Sur ces entrefaites, l’autre versant de la montagne nous retrouve en plein désarroi, ce désarroi chronique dont l’haïtien est coutumier et qui troque son désespoir de circonstance contre la matérialisation d’un instinct suicidaire profond. Étranger dans son propre pays, ne bénéficiant d’aucune mesure de sécurité sociale, l’Haïtien moyen et le laissé pour compte ont tendance à solliciter et à accepter sa prise en charge permanente par la communauté internationale qui, à présent en abuse. Il consacre par ainsi, la faillite de son système politique et tourne ses regards vers d’autres points de croissance qui placent l’homme et son épanouissement au faîte de leurs préoccupations.

Au fond, après avoir dressé l’haïtien contre l’haïtien, les puissances néo-colonialistes, tout en se donnant bonne conscience, s’accrochent à leurs prérogatives hégémoniques.
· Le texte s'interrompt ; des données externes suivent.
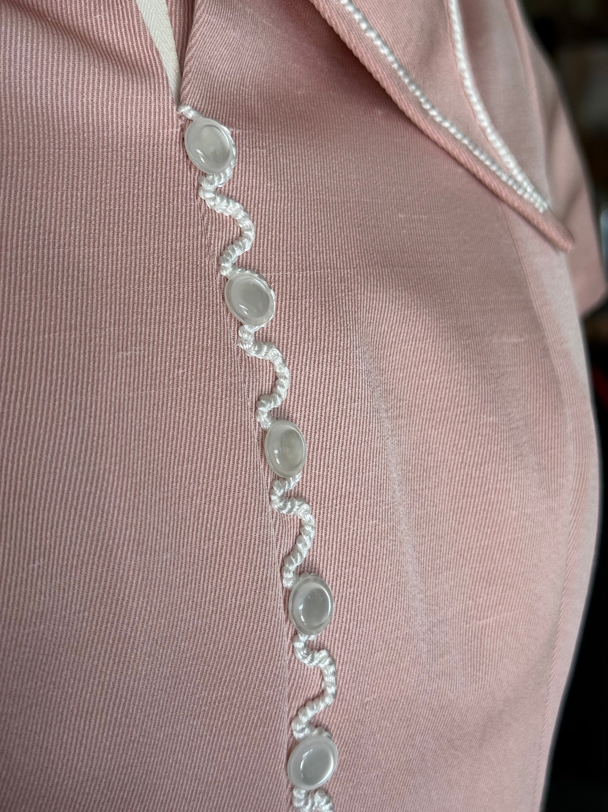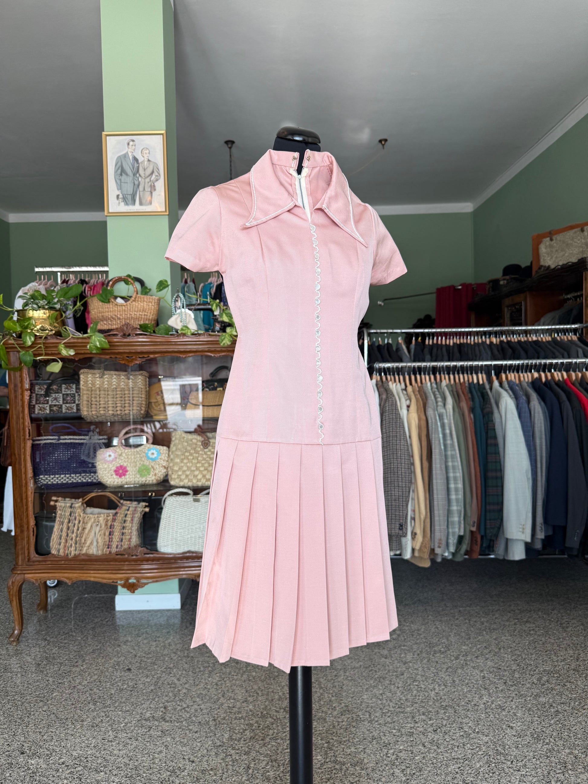 Delizioso abito sartoriale originale degli anni ’70 realizzato in tessuto rosa pastello dal taglio pulito e raffinato. Il punto vita scende leggermente sui fianchi, aprendo la gonna in morbide pieghe regolari che donano movimento e leggerezza. La chiusura frontale è arricchita da un elegante dettaglio di bottoncini rivestiti con profilo bianco ricamato a onde, mentre il colletto a punte larghe richiama il gusto retrò delle linee mod e dell’epoca. Lo stile riprende la moda giovanile alla Garçonne.

Dans le cas spécial d’Haïti, elles font pression sur les responsables politiques pour que ces derniers acceptent le fait de l’occupation prolongée du territoire national par la MINUSTAH, en alléguant des problèmes d’insécurité ou d’impréparation de la Police Nationale. Au demeurant, nous voyons mal ou nous ne voyons pas du tout comment le Président Martelly pourra bien s’en sortir sans casse. D’abord, il n’a pas les moyens d’une telle politique et la possibilité de mobiliser la population étant fonction de son charisme personnel, il ne pourra pas certainement traiter les grands dossiers qui l’attendent sans le secours de l’étranger qui les a instruits et introduits dans le panorama politique national. Finalement, il ne sera en mesure de diriger ce pays que s’il consent à faire des compromis avec les puissances d’occupation. Par esprit de conciliation, le Président y sera certes, obligé. Mais à quel prix ?…

« Le sang, dit-on, est la sueur des héros ». Combien de temps allons-nous accepter que le sang haïtien soit versé en vain ? Car, il en sera encore versé. Si ce n’est pas celui de Jhonny à Port-Salut, ce sera certainement celui des opposants à la privatisation, à la prolongation du mandat de la Minustah, à la démarche de la nouvelle force de Police… Tant que nous n’aurons pas compris que le ciel est plein d’étoiles qui, pourtant, ne se heurtent pas dans leur course vertigineuse, Haïti continuera à se chercher dans les mares de sang et les ombres dessinées par le feu des Oracles avant de pouvoir se mirer dans les eaux claires du Progrès et la clarté de la Lumière du vingt et unième siècle.